CNN  — 

Erika Zak, the mother who inspired millions through her resilience to fight for a liver transplant, died early Friday during surgery, her husband, Scott Powers, told CNN. She was 39.

Her death came after a liver became available Thursday afternoon, and her transplant team at the Cleveland Clinic hustled to prepare her for surgery, Powers said.

The news of the available liver buoyed Erika’s spirits and spread excitement among her surgical team and family after waiting more than a year for this moment, he said. Before going into surgery, he said, Erika was able to spend time with the couple’s 5-year-old daughter, Loïe.

“Late yesterday the stars briefly aligned while we were at the hospital for an unrelated medical procedure and an organ miraculously became available right then for transplant. We were so excited and rushed our daughter in to spend a half hour with Erika,” the family said in a statement. “She then quickly went into the OR, but deep into the surgery, her body couldn’t handle some of the trauma apparently. She died in surgery.

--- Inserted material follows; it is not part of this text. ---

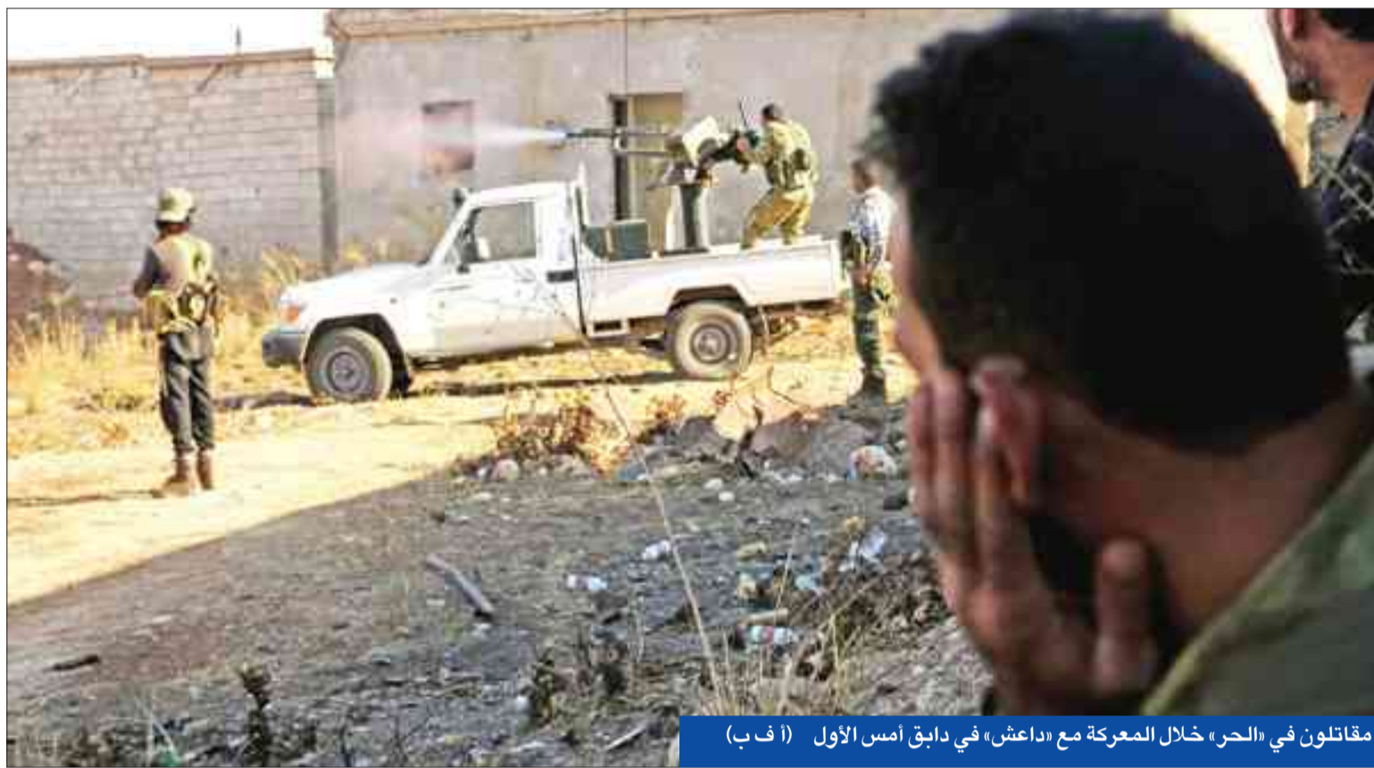
مقاتلون في «الحر» خلال المعركة مع «داعش» في دابق أمس الأول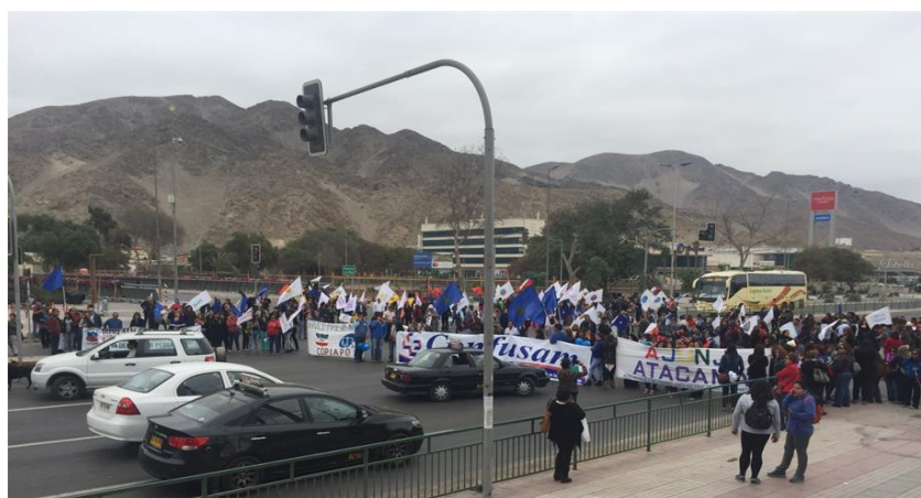
Corte de tránsito por parte de manifestantes en la esquina de Ruta 5 Norte y Chacabuco. Marcha 11 de abril de 2016, Copiapó.

“While our family is devastated by the loss of our beautiful wife, mother, daughter, sister and friend, we do want to express our deepest gratitude to all of those who have supported Erika and our family through these very difficult weeks, months and years. Through her perseverance in life, Erika embodied hope and set an example of strength.”

‘Erika’s Army’ inspired her

In a phone conversation, her husband fought back tears.

“It’s beyond devastating,” Powers said. “She loved Loïe more than anything, she fought desperately to be with her. It’s just excruciating that she didn’t get to spend a day or weeks or years healthy with Loïe.”

He said the family was “forever grateful” for the outpouring of love Erika received – that she drew inspiration from “Erika’s Army,” the social media warriors who took up her cause and spread her story far and wide. She maintained her sense of humor and zeal for life to the end.

“She was so appreciative of what happened the past week,” Powers said.

The family has set up a GoFundMe page for her funeral and other expenses. They have asked for privacy during this time to grieve.

A cancer survivor, Erika Zak said liver disease was excruciating: "Liver failure is the worst thing ever."

In her final conversation with CNN, Erika described why she was speaking up: “It just feels like everything is a battle, and it shouldn’t be that way. It sucks because most people don’t know that they can fight back.”

“There’s more that I want to see; more life I want to live,” she said.

Of death, she said, “I’m more scared of what I leave behind.”

“I basically spend a lot of time daydreaming about what I would want to do with Loie and Scott if I was healthy and where I would want to go,” she said.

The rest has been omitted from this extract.